Elvis Costello! And the Police.

Every concert it happens. The massive CHEZ 106 balloon-beachballs are tossed out into the audience during the intermission between the opening act and the headliner. And every concert, they are tracked down and destroyed by overzealous security guards, worried that someone might get hit in the head, resulting in static electricity-filled hair for the rest of the show. And when that show is The Police, static electricity that causes your hair to stand on end might be just enough to prevent Sting from sleeping with you after the show. Which would be an unfortunate incident worthy of litigation, and in order to nip such lawsuits in the bud, the security forces do yeoman's work in averting that possible disaster. Kudos, Scotiabank security. You have been a terrific front line of defense against our offending balloons for many shows, and we look forward to continuing this battle at the next one.

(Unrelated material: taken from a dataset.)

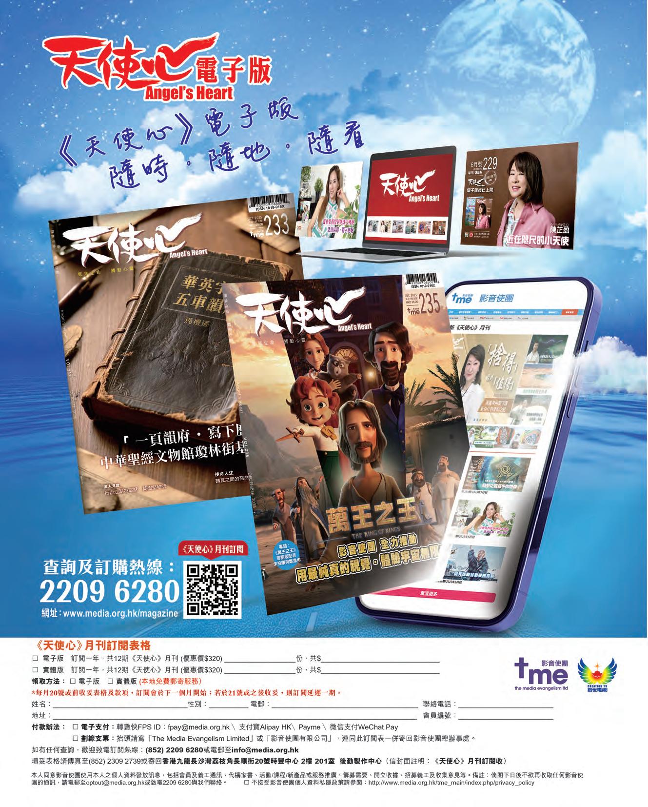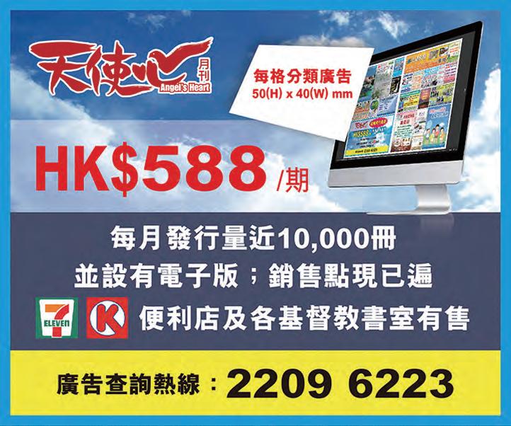本刊文章純屬作者意見,不代表本刊立場。本刊有權拒絕或 修改任何廣告。《天使心》月刊受國際及地區版權法例保障, 未經出版人書面許可,任何圖文不得全部或局部轉載、翻譯 或重印。

And there were a lot of women at Scotiabank Place last night who were clearly hoping Sting might pick them out of the crowd. Sometimes, when a show is boring, people-watching for the skanked out hopefuls is far more entertaining in and of itself. Thank goodness the Police show was not boring. It was certainly predictable, but not boring. Each of the band members has their own unique identity. Stewart Copeland, behind the drums, with his big glasses and goofy expression and Michael Jackson gloves, reminds me a little of that kid in high school that wore bright red rubber boots every day of the year, whose mittens were pinned to his jacket year-round, and yet who was somehow pretty cool and well-liked despite being not exactly all there. Andy Summers on the guitar is like a burnt-out but charming, shambling, running-shoe wearing cross between Ben Stein and Eric Idle. He shambles his running shoe feet up to the front of the stage for his obligatory solo. He keeps his head down, avoiding eye contact with the audience in order to better concentrate on his intricate fingerwork, and when it is done, he acknowledges the crowd with a sudden, awkward raised fist before running-shoe shambling his way back to his regular position on the left side of the stage, continuing to concentrate hard, his South Park guitar strap the only thing colourful on his person.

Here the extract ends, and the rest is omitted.